Scientific classification
- Kingdom: Animalia
- Phylum: Chordata
- Class: Chondrichthyes
- Subclass: Elasmobranchii
- Division: Selachii
- Order: Carcharhiniformes
- Family: Sphyrnidae
- Genus: Sphyrna
- Species: S. gilberti
- Binomial name: Sphyrna gilberti Quattro, Driggers, Grady, Ulrich & M. A. Roberts, 2013

= Carolina hammerhead =

- Genus: Sphyrna
- Species: gilberti
- Authority: Quattro, Driggers, Grady, Ulrich & M. A. Roberts, 2013
- Conservation status: DD

Species of shark

The Carolina hammerhead (Sphyrna gilberti) is a species of hammerhead shark, and part of the family Sphyrnidae, found in the western Atlantic Ocean. Their pupping grounds are in nearshore waters off the southeastern U.S. with the highest concentrations found in Bulls Bay, South Carolina. The Carolina hammerhead has also been found in nearshore waters off of Brazil. It was formally described in 2013.

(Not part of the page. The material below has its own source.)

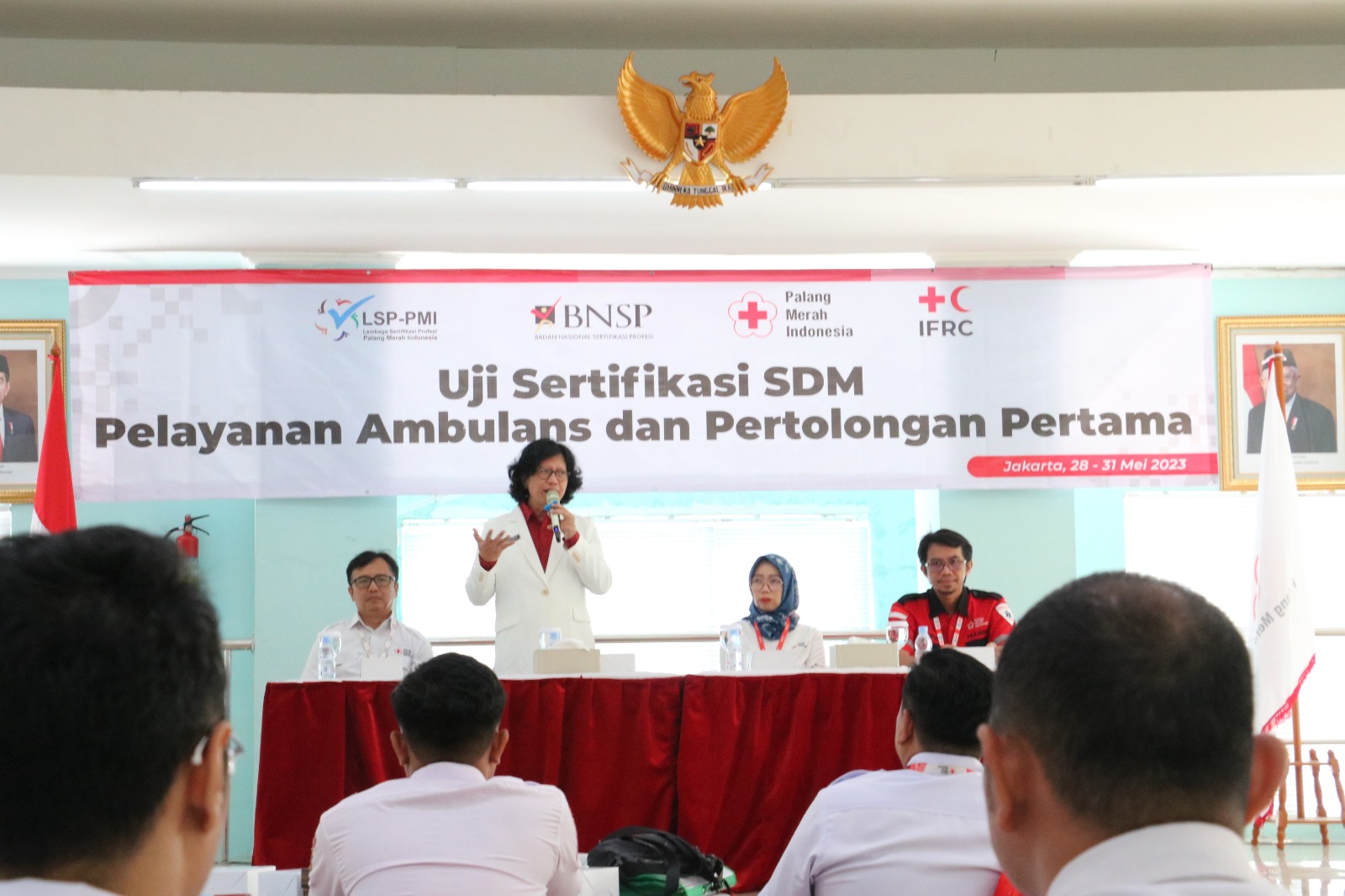 Ketua LSP PMI, Gunawan Permadi menyampaikan terima kasih kepada International Federation of Red Cross and Red Crescent Societies (IFRC) yang telah mendukung penuh sertifikasi profesi tersebut. "Kami berharap, para peserta dapat mengikuti sertifikasi ini dengan baik, sehingga bergelar Kompeten!" tandas Gunawan.

Little is known about the habits of the species. It is a sister species to S. lewini. Having been described in 2013, this species has been a relatively new addition to the hammerhead shark genus. The species possesses a major genetic difference from their cousins. The most notable differences are the lower vertebral number and a lighter outer tone. The Carolina hammerhead is named in honor of Carter Gilbert, who unknowingly recorded the first known specimen of the shark off Charleston, South Carolina, in 1967. Dr. Gilbert, who was the curator of the Florida Museum of Natural History from 1961 to 1998, caught what he believed was an anomalous scalloped hammerhead shark with ten fewer vertebrae than a typical scalloped hammerhead. It was not confirmed to be a different species altogether until Quattro's discovery in 2013.
The general diet of the Carolina hammerheads consists of bony fishes and cephalopods such as squids, octopuses, and cuttlefishes. They also feed on shrimps, lobsters, crabs, and other smaller sharks and rays.